I'm not learning much from my earlier note on making a plan before executing. So 10a was done before writing this.
Basically, I just sorted the list, since you had to use all of them, just calculate the difference between the element and the next one, making sure to add a 0 to the head, and val[length] + 3 to the last item. Then count 1's and threes.
Given the list of deduced differences;
[1,1,1,1,3,1,1,1,1,3,1,1,1,1,3,1,1,1,1,3,1,1,3,1,1,3,1,1,1,1,3,3,3,1,1,1,1,3,3,1,1,1,1,3,1,1,3,1,3,3,1,1,1,1,3,3,1,1,3,1,1,1,1,3,1,1,1,3,1,1,1,1,3,1,1,1,3,1,1,3,1,1,1,1,3,1,1,1,1,3,1,3,1,1,1,1,3]

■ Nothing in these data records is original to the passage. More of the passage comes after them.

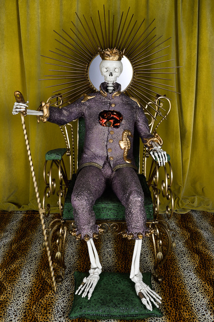 Dans cette île les catacombes, comme celle des Capucins à Palerme, parsèment la terre : elles sont romaines, chrétiennes, juives, en particulier vers Agrigente dans la partie occidentale de l’île. Alberghina expose alors au grand jour ce qui est souterrain. Il n’est pas plus morbide que l’était Jérôme Bosch, mais avec autant d’imagination et d’outrance. Cette sensualité mortifère est accentuée par la beauté du brillant de la céramique. Ses sculptures deviennent alors séduisantes et parfois baroques. C’est le cas de ce roi présenté à Menton, squelette blanc richement vêtu et couronné, assis dans un fauteuil doré et nimbé d’un soleil rayonnant. De fait ses squelettes, ses ossements assemblés sont pleins d’humour, de jubilation parfois. Rien n’est gratuit et tout est attrayant.
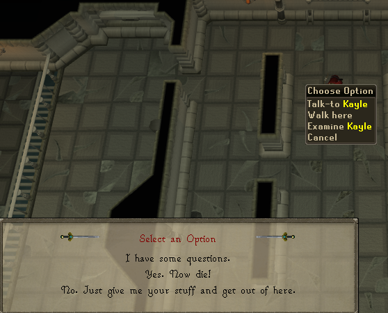 Идём на север от входа в направлении жёлтой точки, Kayle, имеет всего 20 хп, атакует рэнджем, убиваем его, на последнем исдыхании о молит о пощаде, в диалоге можно выбрать либо "Да, умри, жывотнае!", либо "Нет, отдай мне свои вещи и в Бабруйск, жывотнае!".
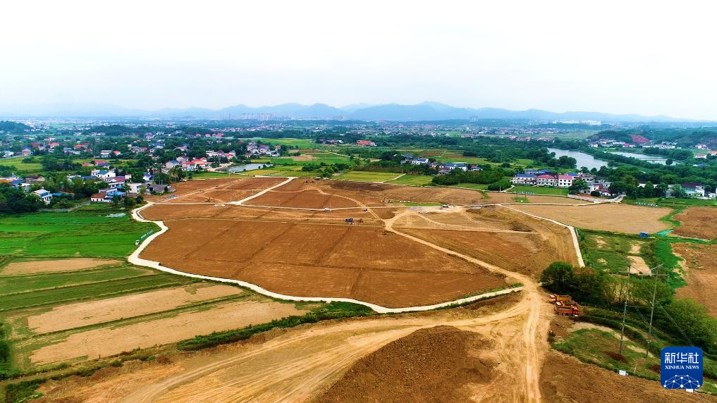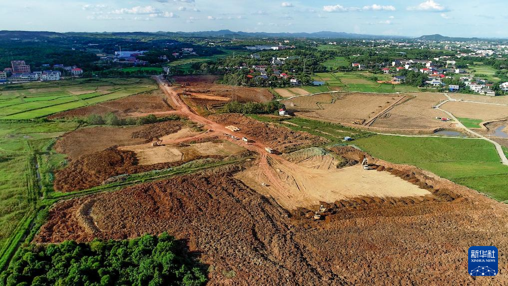 這是2022年8月31日拍攝的瀏陽市永安鎮(zhèn)豐裕村嚴(yán)格管控區(qū)地塊覆土作業(yè)現(xiàn)場(無人機(jī)照片)。新華社發(fā)(鄒禮卿 攝)

We can state the following;
[1] = 1 permutation (2 ^ 1-1) = 1
[1, 1] == [2] == 1 + 1 steps (2 ^ 2-1) = 2
[1a, 1b, 1c] == [2, 1] == [2, 1] == [1, 2] 3 extra permutations (2 ^ 3-1) = 4
[1a, 1b, 1c, 1d] == [2, 1c, 1d] == [1a, 2(a), 1d] == [1a, 2(b), 1d]== [3, 1] == [3, 1] == [1, 3] (we can't go to 4)
I.e. Any sequence of 1s = 2^(n-1). So if we take the diff of 1s, we should be able to calculate the total permutations.